START GIVEN MATERIAL
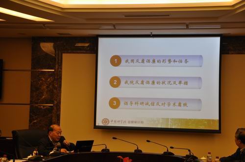 院監(jiān)審局局長李定作了題為《居安思危,防微杜漸,為“創(chuàng)新2020”保駕護(hù)航》的專題報告,從我國反腐倡廉的形勢和任務(wù)、我院反腐倡廉的狀況及舉措、倡導(dǎo)科研誠信反對學(xué)術(shù)腐敗三個方面,并結(jié)合近幾年社會上以及我院發(fā)生的具體案件,給大家上了一堂生動的反腐倡廉教育課。
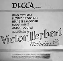 Victor Herbert Melodies, Vol. 1 is a studio album featuring five 78 rpm phonograph records recorded by artists Bing Crosby, Frances Langford, Florence George and Rudy Vallee celebrating the music of Victor Herbert. The recordings were made in December 1938 by Decca Records, who were probably aware that a film called The Great Victor Herbert was being made by Paramount Pictures.[1] Victor Young and His Orchestra provided the musical accompaniment to all of the tracks. The album was followed by a sequel Victor Herbert Melodies, Vol. 2
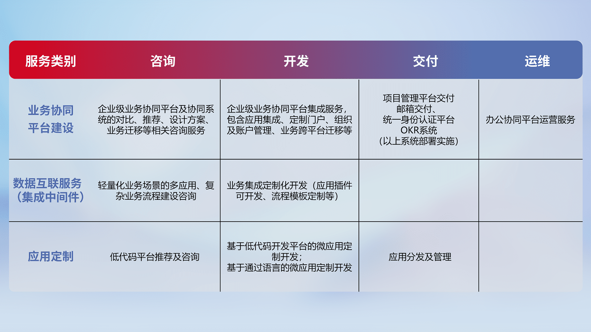 针对钉钉、、企微、、IDaas等平台级产品提供产品的规划、、、、方案、、、交付、、、、定制化开发等服务,,,,实现如统一协同办公、、、、智能客户服务、、、、混合会议管理、、、智能数据查询、、、等业务场景,,,实现数字化转型。。
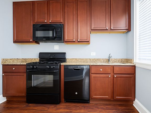 Experience comfort and convenience in this charming 2-bedroom apartment located in the heart of Portage Park. Bright natural light fills every room through oversized windows, highlighting gleaming hardwood floors and fresh modern finishes. The updated kitchen features rich cherry cabinetry, granite counters, and black appliances, while the fully refreshed bath adds a touch of elegance with clean, contemporary style. Enjoy a perfect blend of vintage character and modern updates-complete with classic trim, tall ceilings, and a cozy radiator accent. Ideally located near public transit, the Metra, the Blue Line, and quick access to I-90, this home keeps you connected while offering a peaceful neighborhood setting close to shopping, parks, and restaurants. Come and see it for yourself.
END GIVEN MATERIAL
WHAT NEEDS TO BE DONE: When you repeat the lines above, keep them exact and leave out each image they contain.

RESPONSE FOR THIS EXERCISE:
 院監(jiān)審局局長李定作了題為《居安思危,防微杜漸,為“創(chuàng)新2020”保駕護(hù)航》的專題報告,從我國反腐倡廉的形勢和任務(wù)、我院反腐倡廉的狀況及舉措、倡導(dǎo)科研誠信反對學(xué)術(shù)腐敗三個方面,并結(jié)合近幾年社會上以及我院發(fā)生的具體案件,給大家上了一堂生動的反腐倡廉教育課。
 Victor Herbert Melodies, Vol. 1 is a studio album featuring five 78 rpm phonograph records recorded by artists Bing Crosby, Frances Langford, Florence George and Rudy Vallee celebrating the music of Victor Herbert. The recordings were made in December 1938 by Decca Records, who were probably aware that a film called The Great Victor Herbert was being made by Paramount Pictures.[1] Victor Young and His Orchestra provided the musical accompaniment to all of the tracks. The album was followed by a sequel Victor Herbert Melodies, Vol. 2
 针对钉钉、、企微、、IDaas等平台级产品提供产品的规划、、、、方案、、、交付、、、、定制化开发等服务,,,,实现如统一协同办公、、、、智能客户服务、、、、混合会议管理、、、智能数据查询、、、等业务场景,,,实现数字化转型。。
 Experience comfort and convenience in this charming 2-bedroom apartment located in the heart of Portage Park. Bright natural light fills every room through oversized windows, highlighting gleaming hardwood floors and fresh modern finishes. The updated kitchen features rich cherry cabinetry, granite counters, and black appliances, while the fully refreshed bath adds a touch of elegance with clean, contemporary style. Enjoy a perfect blend of vintage character and modern updates-complete with classic trim, tall ceilings, and a cozy radiator accent. Ideally located near public transit, the Metra, the Blue Line, and quick access to I-90, this home keeps you connected while offering a peaceful neighborhood setting close to shopping, parks, and restaurants. Come and see it for yourself.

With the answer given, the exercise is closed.